We buy records because they fit nicely into certain parts of our lives. I bought Wilco’s Yankee Hotel Foxtrot almost ten years ago, and it has grown up with me. We’ve had many moments together, and many more after I found the vinyl floating around a garage sale. A few weeks ago I had a really great night, I can’t really remember what spurred it, it was just really great. One of those nights where everything seems to make sense, all my thoughts fell perfectly into place, and the universe expanding at a constant rate didn’t really bother me nearly as much as it normally does.
It’s a good feeling, everything settling into its right place. Cleaning makes sense thermodynamically, because it’s really the only time we have any effect on entropy. But what does the inverse feel like? Thermodynamically, it feels like, well, life I guess. But we have ways of making things seem easier or more difficult. Case and point: any human relationship.
It’s tough to generalize human relationships, so we’re going to tred on territory very familiar to long-time Hoptellectual readers. How do we truly get to know people? Philosopher Roland Barthes thinks it has to do with closeness, the human mind plays far too many tricks, and Jeff Tweedy would agree.
“Distance has no way,” Tweedy sort-of wines, “of making love understandable.” Yankee Hotel Foxtrot is full of thoughts like this, a lifetime of wisdom condensed into a convenient avant-pop record. My roommate claimed the line didn’t make much sense, diametrically opposing the conventional wisdom of “absence makes the heart grow fonder.”
Today, Tweedy’s logic makes much more sense for our modern world. Distance has a way of distorting how we see other people, plying them in different directions and altering any objective perception. His theory is supported heavily by lovesick ol’ Barthes philosophies, and even more heavily by anecdotal evidence presented rather smugly by Malcolm Gladwell in his book Blink. Gladwell posits everything we need to know, we find out immediately upon meeting someone. Entropy remains at a minimum because both people understand one another, and can continue towards chaos together.

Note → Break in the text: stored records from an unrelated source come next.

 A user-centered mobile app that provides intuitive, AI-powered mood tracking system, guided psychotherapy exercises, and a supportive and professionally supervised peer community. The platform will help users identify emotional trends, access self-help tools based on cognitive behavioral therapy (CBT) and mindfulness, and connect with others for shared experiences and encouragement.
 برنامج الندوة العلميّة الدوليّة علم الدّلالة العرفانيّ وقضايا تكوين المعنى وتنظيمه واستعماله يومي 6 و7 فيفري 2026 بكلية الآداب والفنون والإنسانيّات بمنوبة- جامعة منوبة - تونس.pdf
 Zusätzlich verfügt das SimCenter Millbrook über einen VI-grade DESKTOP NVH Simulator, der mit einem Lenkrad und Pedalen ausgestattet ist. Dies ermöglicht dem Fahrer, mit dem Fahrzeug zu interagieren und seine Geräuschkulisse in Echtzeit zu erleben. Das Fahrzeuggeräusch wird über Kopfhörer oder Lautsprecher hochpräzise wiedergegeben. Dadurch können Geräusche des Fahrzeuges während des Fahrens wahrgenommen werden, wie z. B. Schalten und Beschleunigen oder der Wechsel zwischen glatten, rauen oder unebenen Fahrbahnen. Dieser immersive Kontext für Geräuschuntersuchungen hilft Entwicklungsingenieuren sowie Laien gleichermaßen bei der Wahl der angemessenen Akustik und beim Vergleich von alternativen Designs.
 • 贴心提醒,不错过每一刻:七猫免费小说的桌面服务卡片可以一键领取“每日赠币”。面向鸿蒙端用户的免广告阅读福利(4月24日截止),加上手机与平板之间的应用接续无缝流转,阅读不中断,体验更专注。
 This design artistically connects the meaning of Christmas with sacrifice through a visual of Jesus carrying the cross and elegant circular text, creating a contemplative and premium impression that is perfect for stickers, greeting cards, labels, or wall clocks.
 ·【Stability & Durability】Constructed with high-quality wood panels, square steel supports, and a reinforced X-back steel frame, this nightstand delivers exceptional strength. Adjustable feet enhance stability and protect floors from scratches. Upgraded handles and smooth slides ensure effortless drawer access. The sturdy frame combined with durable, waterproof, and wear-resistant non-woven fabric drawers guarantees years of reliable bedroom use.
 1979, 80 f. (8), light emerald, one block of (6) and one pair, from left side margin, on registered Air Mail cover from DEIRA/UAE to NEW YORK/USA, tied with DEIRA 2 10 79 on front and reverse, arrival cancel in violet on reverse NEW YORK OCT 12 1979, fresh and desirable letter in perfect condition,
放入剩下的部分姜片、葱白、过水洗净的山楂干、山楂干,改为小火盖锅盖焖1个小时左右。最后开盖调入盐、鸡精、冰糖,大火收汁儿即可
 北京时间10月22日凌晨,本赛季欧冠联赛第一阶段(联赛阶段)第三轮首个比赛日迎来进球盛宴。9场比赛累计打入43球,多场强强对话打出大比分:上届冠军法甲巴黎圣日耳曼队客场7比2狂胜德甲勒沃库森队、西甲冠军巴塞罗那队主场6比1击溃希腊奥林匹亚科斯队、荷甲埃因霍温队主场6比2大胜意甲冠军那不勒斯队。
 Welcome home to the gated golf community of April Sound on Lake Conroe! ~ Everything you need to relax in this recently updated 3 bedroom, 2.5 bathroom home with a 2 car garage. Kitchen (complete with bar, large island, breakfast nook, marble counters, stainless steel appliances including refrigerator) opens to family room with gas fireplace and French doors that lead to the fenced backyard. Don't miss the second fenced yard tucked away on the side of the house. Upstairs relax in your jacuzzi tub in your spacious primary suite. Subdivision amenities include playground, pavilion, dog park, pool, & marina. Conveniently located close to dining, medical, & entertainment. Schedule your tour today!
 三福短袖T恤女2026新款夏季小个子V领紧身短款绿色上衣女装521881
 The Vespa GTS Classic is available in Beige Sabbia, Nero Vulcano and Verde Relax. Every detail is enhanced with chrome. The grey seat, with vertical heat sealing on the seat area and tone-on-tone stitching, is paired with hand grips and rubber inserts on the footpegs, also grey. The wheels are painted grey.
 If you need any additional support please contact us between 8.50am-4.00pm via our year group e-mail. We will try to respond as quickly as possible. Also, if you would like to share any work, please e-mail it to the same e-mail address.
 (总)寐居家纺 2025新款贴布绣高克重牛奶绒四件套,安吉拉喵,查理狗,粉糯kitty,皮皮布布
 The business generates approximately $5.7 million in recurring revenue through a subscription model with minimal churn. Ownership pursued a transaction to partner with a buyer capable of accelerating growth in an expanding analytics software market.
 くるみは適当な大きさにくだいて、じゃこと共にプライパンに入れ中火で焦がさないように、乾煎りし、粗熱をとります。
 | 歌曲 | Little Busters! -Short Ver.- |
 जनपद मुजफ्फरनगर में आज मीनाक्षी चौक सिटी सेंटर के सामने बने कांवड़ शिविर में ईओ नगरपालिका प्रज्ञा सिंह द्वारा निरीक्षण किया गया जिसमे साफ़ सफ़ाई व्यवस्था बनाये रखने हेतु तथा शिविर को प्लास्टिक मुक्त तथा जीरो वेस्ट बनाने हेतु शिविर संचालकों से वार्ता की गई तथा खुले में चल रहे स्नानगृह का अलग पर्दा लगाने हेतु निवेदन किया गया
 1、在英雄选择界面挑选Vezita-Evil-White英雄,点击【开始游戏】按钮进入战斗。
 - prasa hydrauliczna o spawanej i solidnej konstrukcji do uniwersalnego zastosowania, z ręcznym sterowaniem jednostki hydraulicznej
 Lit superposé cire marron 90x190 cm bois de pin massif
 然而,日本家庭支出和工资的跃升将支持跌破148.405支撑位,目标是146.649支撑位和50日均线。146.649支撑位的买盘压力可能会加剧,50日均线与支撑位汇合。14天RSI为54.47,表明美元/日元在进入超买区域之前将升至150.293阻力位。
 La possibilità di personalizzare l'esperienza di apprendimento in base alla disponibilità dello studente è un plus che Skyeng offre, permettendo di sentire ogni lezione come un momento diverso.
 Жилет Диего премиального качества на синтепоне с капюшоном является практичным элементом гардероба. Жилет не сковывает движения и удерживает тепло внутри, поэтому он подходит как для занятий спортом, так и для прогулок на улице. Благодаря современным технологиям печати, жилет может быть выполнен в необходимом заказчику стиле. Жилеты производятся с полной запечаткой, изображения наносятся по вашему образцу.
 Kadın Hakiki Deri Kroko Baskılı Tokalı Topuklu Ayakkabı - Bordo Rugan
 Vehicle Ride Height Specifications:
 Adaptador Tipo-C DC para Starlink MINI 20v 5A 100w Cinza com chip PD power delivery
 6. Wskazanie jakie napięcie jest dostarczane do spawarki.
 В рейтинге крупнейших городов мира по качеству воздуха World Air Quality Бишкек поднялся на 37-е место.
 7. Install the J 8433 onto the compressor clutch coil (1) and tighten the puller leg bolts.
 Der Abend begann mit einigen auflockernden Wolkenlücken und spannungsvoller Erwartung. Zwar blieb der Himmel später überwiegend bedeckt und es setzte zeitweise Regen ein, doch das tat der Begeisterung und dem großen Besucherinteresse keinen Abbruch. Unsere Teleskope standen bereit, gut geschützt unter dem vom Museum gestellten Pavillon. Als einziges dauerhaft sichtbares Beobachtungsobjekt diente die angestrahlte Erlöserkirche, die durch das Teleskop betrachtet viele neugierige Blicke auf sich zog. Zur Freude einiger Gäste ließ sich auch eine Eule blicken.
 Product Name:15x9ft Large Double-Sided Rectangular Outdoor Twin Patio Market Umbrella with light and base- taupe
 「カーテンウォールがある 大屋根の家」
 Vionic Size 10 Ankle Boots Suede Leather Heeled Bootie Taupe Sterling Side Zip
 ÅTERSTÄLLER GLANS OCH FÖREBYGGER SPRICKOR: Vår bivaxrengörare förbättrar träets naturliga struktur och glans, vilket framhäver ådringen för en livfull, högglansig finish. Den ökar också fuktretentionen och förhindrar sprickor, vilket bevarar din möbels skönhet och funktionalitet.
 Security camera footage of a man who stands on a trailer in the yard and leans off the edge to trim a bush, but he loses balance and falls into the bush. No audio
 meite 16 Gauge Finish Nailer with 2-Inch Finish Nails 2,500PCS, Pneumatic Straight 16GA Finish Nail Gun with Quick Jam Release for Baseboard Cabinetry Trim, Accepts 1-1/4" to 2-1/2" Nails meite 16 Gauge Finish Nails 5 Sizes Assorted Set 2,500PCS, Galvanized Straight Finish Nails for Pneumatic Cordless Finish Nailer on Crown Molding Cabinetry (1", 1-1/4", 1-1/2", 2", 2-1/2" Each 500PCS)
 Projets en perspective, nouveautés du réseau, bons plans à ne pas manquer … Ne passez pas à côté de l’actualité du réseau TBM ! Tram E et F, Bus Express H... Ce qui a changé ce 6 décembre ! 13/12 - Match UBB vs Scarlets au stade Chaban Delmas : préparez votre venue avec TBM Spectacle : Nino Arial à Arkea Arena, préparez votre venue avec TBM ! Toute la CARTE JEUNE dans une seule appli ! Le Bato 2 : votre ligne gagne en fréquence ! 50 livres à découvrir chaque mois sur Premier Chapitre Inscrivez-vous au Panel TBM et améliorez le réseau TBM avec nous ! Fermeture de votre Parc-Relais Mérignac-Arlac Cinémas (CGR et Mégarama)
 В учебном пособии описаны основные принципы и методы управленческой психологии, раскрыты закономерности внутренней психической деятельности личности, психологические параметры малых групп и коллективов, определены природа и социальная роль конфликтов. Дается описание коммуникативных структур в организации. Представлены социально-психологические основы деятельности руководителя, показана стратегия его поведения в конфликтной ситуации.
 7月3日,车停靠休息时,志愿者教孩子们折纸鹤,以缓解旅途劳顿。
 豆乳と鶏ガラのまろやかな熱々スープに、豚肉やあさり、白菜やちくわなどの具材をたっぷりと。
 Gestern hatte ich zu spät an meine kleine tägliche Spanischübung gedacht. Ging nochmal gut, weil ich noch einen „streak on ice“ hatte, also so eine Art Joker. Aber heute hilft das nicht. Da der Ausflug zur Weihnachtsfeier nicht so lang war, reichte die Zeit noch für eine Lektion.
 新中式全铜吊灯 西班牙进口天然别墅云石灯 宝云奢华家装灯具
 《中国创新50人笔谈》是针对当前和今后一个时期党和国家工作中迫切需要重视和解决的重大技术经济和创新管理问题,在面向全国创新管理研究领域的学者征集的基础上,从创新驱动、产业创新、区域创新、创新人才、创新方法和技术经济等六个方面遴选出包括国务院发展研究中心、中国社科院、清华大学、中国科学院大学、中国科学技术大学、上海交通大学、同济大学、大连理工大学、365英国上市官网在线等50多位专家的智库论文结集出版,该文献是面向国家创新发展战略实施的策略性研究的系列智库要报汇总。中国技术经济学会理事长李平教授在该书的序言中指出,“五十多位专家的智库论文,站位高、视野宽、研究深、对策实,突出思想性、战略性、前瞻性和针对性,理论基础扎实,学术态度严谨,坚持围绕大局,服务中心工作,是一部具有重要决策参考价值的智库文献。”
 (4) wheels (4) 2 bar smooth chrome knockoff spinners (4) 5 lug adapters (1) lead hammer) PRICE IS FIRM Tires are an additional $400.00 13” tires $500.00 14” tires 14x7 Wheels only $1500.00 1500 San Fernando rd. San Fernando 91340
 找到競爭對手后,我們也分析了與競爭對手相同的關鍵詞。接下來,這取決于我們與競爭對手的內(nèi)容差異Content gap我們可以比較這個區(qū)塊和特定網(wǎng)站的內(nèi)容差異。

Another friend of mine was explaining some relationship troubles to me the other day, and what they amounted to were both people in the relationship understood nothing about one another. They both were amalgamations of facts thrown around haphazardly, waiting to be arranged in a productive and coherent way so that they could get on to the important parts of relationships. But that’s the thing. Arranging those facts is the important part. Everything else that comes after is just icing on the cake.
We can’t always understand everyone we come across, nor should we be expected to. It’s difficult enought to handle the entropy that has already occurred throughout our lives, let alone handle someone else’s (get rid of your baggage! Fast!). But when we do meet people where everything falls into place, then certainly don’t let the person get away, at any cost.